THE CURSE OF ROSALIE (aka The Harbinger) ** USA 2022 Dir: Will Klipstine. 114 mins
This film makes a point of saying that it uses people from Veteran Films a non-profit production company created to provide jobs for Veterans, Victims of Domestic Violence, and Native Americans. These people are employed in crew and cast to build a future for themselves. Worthy yes and this is going to upset some but are they good people for this film?The Curse Of Rosalie (2022) is a drain on the eyeballs and the brain with some limited positives.
The Curse Of Rosalie (2022) was also known as The Harbinger but amazingly it changed the title from that possible due to the infinitely more solid film of the same name by Andy Mitton. Firstly, you are saddled with a script that is filled with so many horror clichés from the evil rural kid genre that they make no sense. The script is convoluted to the point that the confessional scene where the plot is revealed takes the viewer for granted particularly the end regarding past events of Daniel (Will Klipstine).

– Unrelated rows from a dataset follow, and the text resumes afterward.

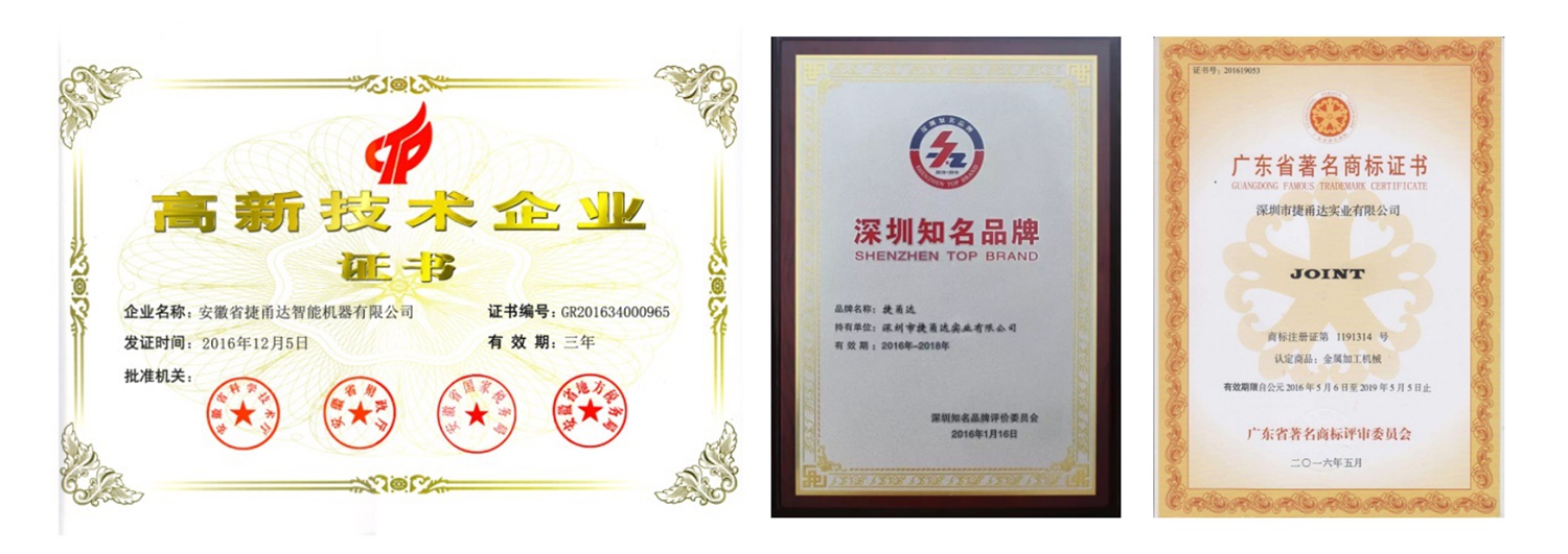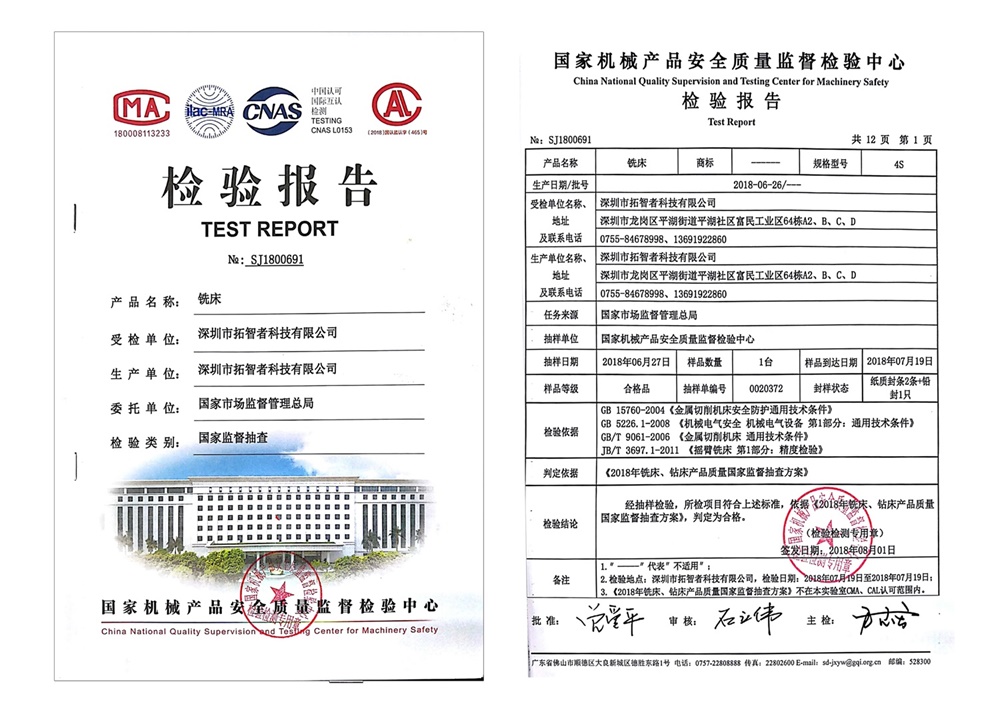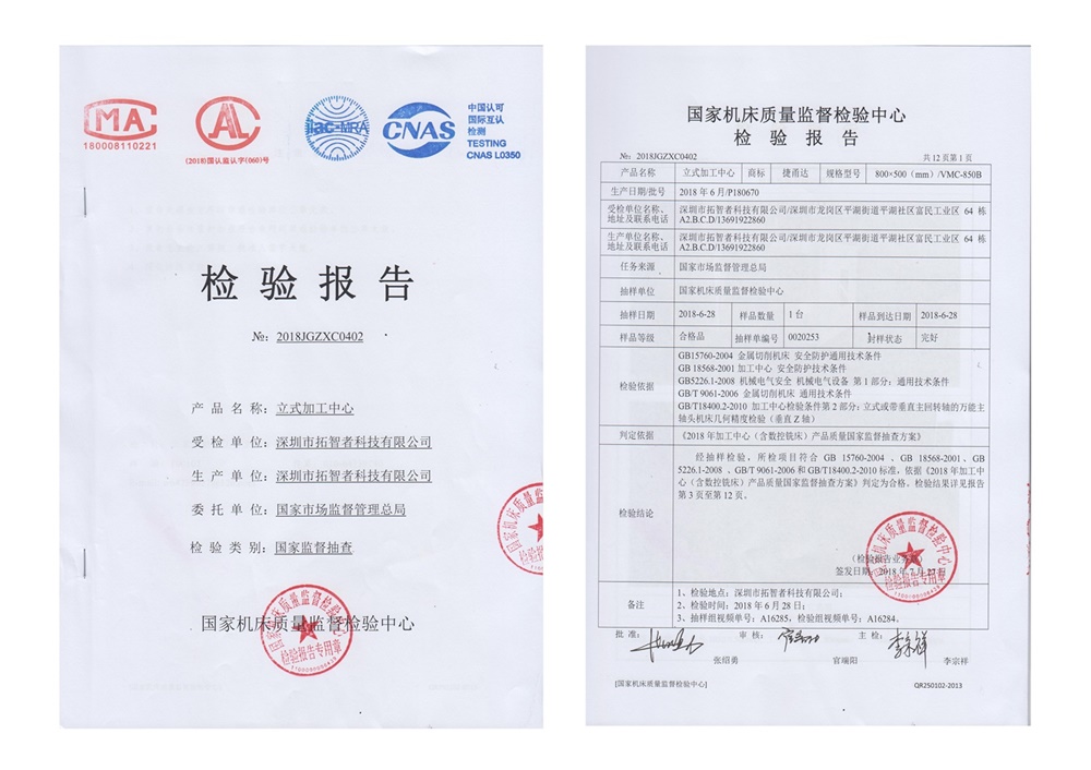 深圳市拓智者科技有限公司產(chǎn)品連續(xù)多年順利通過(guò)了國(guó)家市場(chǎng)監(jiān)督管理總局、國(guó)家質(zhì)量監(jiān)督檢疫總局質(zhì)量檢測(cè)并出具頒發(fā)權(quán)威的質(zhì)量檢驗(yàn)報(bào)告, 表明捷甬達(dá)機(jī)床的質(zhì)量制度、質(zhì)量保證能力等得到國(guó)家認(rèn)證機(jī)構(gòu)的認(rèn)可。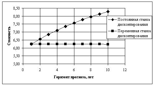 Проведенные расчеты показывают, что стоимость объекта оценки, определенная с применением постоянной ставки дисконтирования, существенно изменяется в зависимости от выбранного горизонта прогноза (в 1,33 раза выше для 10-ти летнего, по сравнению с 1-летним периодом). Стоимость объекта оценки, определенная с применением переменной (возрастающей с постоянным темпом прироста) ставки дисконтирования, практически не зависит (изменение менее 1%) от выбранного количества периодов прогноза. Соотношение стоимостей объекта оценки, определенного разными методами составляет, например, для горизонта прогноза 5 лет – 1,18.
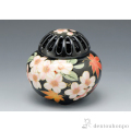 桜と紅葉が黒地に映える、小振りながら豪華な香炉です。年中飾れるインテリア小物として、記念品や贈答品にも最適です。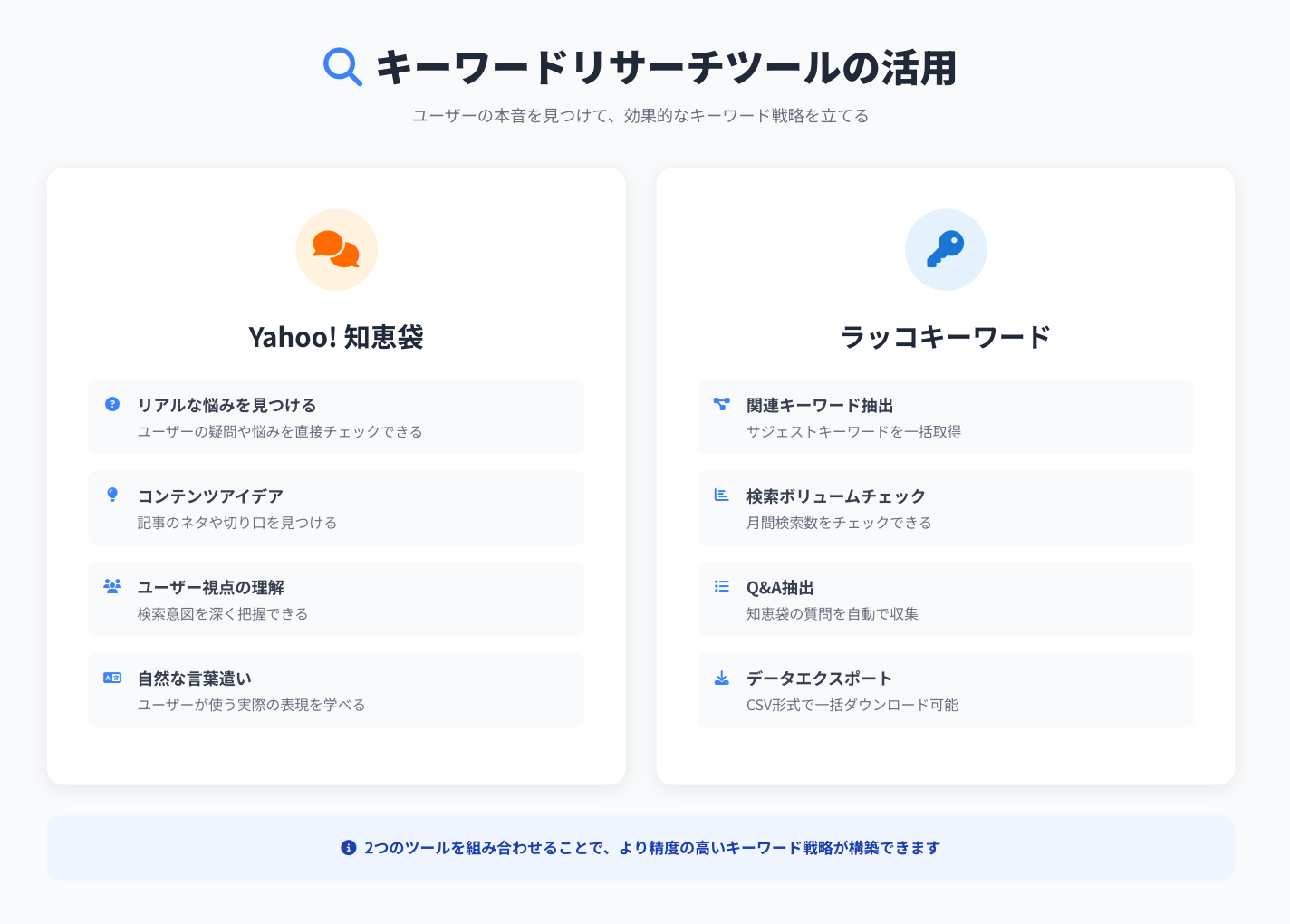 例:「SEO記事を長く読まれるようにするには」「上位を維持するリライト方法」など。潜在ニーズを満たすには、関連テーマへの内部リンクを設置したり、検索結果にない一次情報(体験・データ)を補足することが効果的です。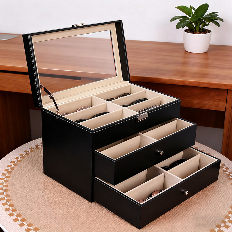 眼镜收纳盒多格皮质大容量家用高档太阳镜收藏展示盒眼镜手表盒

The plot revolves around the Snyder family: insurance salesman dad Daniel (Will Klipstine) mum Theresa (Yes really the character name) played by Amanda MacDonald, and young daughter Rosalie (Madeleine McGraw). Rosalie was a happy child in this Norman Rockwell version of the rural American Family. Yes, the family laughs and giggles as they put cookie dough on their faces, chasing each other around the room in all its nauseating connotations. This culminates in probably one of the most irritatingly sugary songs ever in the history of the horror film that is sung by Daniel and Rosalie. The painful words even get billing in the credits in the music.
Rosalie now is a bitter staring child who announces at funerals that the dead is burning in hell. She kills other children’s pets when playing with them without remorse. The family relocates to the midwestern suburb where the neighbours are creepy with their excessive ‘we take care of our own.’ Daniel seeks spiritual help from a Native American seer called Floating Hawk (Irene Bedard). She gives him tea and tells him to bare himself to her about his past then which involves sacred burial grounds, giant keys, and evil-dispersing daggers. It is revealed that a Harbinger is among them making the locals commit suicide as that is the ultimate sin. The souls are collected by the Devil, yes Satan Himself. The deaths mount up and suddenly the goody townspeople blame the Snyder family and their moody kid. Suffice it to say the Harbinger plays a big role in this as we have a fight in rather a stylish crypt.
Hard to find positives in The Curse Of Rosalie (2022) as the direction in places is sluggish, and the actors are even below B grade but well-intentioned. The script that Director Will Klipstine co-wrote tries to do too much with too little so we just toss everything we can into a mix to see what sticks with people. Bright spots are the actors such as Steve Monroe as John Driscoll who is a hoot as a beer-drinking foreman neighbour and Diana Wilde as the happy almost maniacal neighbour Betty Goss who welcomes the Snyder’s by almost hitting them with her vehicle. Madeleine McGraw channels or tries to find her inner Wednesday Addams with some truly, cliché lines in a deadpan style that she must have had trouble not giggling at after.
The Curse Of Rosalie (2022) would have been so cool as a comic satire with all the colours outside compared with the drab furnishing in the Snyder home. Some of the people employed could go onto better things after all a young Rob Bottin was on the effects crew for Humanoids From The Deep (1980). Some of the actors hit the notes with those over-the-top bits however the film gets bogged down doing too much with too little. Please leave that wretched song in the pro tools delete bin.